Архидиакон Роман (в миру Алексей Генрихович Тамберг) родился 29 июля 1961 года в Москве, а завершил свой жизненный путь 4 мая 1998 года в Рязанской области, в результате автокатастрофы.

Алексей Тамберг учился в Воронежском государственном институте искусств и предполагал работать в театральной сфере. Но, отслужив в армии, в 1983 году поступил в Московскую духовную семинарию. Затем – годы образования в академии, которую закончил в 1990 году с ученой степенью кандидата богословия. В 1987 году принял монашеский постриг с именем Роман – в честь преподобного Романа Сладкопевца, был рукоположен в иеродиакона; в 1993-м – посвящен в архидиакона. По окончании МДА стал помощником заведующего иконописной школой при академии, позже – начальником им же организованного архитектурно-художественного отдела Троице-Сергиевой лавры. С 1992 года нес послушание эконома Свято-Данилова монастыря.

Отец Роман известен миру в первую очередь благодаря своему творчеству – как продолжатель традиции духовного пения, издревле процветавшего и любимого на Руси.
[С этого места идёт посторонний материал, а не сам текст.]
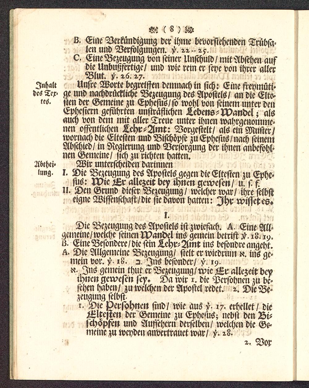 Inhalt Unste Worte begrelffen demnach in sich: Eine freymüti'des Tex. ge und nachdrückliche Bezeugung des Apostels/ an die Me-tes, ften der Gemeine zu Ephesus / so wohl von seinem unter denEphestern geführten unsträflichen Lebens--Wandel; alsauch von dem mir aller Treue unter ihnen wahrgenomme-nen öffentlichen Lehr-Amt: Vorgeftelt/ als ein Muster/wornachdie Elteften und Bischöpse zu Ephesus/nach seinemAbschied/ in Regierung und Versorgung der ihnen anbesohl-nen Gemeine/ stch zu richten hatten.Abthei- Wir unterscheiden darinnenlung. l. Die Bezeugung des Apostels gegen die Elteften zu Ephe-sus : N)ie ILr allezeit bey ihnen gewesen/ u. s f.Zl. Den Grund dieser Bezeugung/ welcher war/ ihre selbsteigne Wissenschaft / die sie davon hatten: Ihr wisset es.. - .j^MM mÄ5W MzV^uz'ÄT ÄM^D^Me ^Ittt ^ i..v.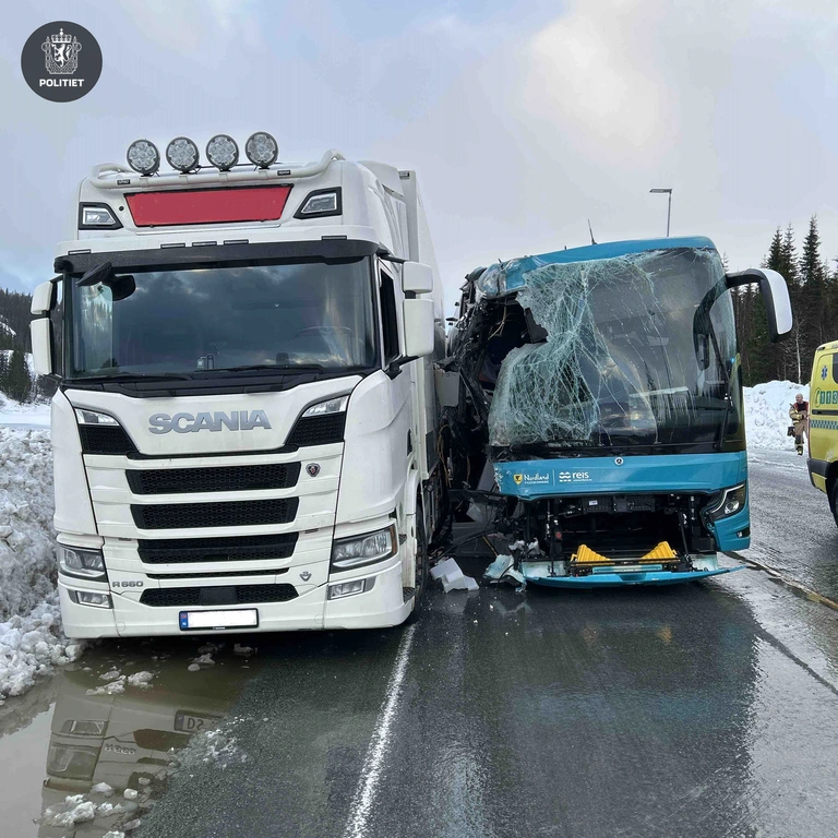Nødetatene rykket onsdag morgen ut til en trafikkulykke mellom en buss og et vogntog på E6 ved Storforshei.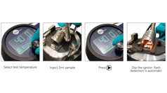 The Setaflash Series 3e closed cup flash point tester can be operated in 4 easy steps. Below you see the operator sequence.

Вместе с тем его яркая личность была чрезвычайно богато наделена разными талантами, в том числе и самым главным – добротой и любовью к людям.

По случаю 20-летия со дня кончины архидиакона Романа мы подготовили публикацию по книге воспоминаний об этом светлом, духовно прекрасном человеке, оставившем благой след во многих душах и, безусловно, внесшим огромный вклад в возрождение нашего Отечества.

 

А. ОГАРЕВ:

Алеша Тамберг – мой сокурсник по Воронежскому государственному институту искусств в 1979–1980 годах и человек, открывший мне, некрещеному, Бога, ставший моим крестным отцом.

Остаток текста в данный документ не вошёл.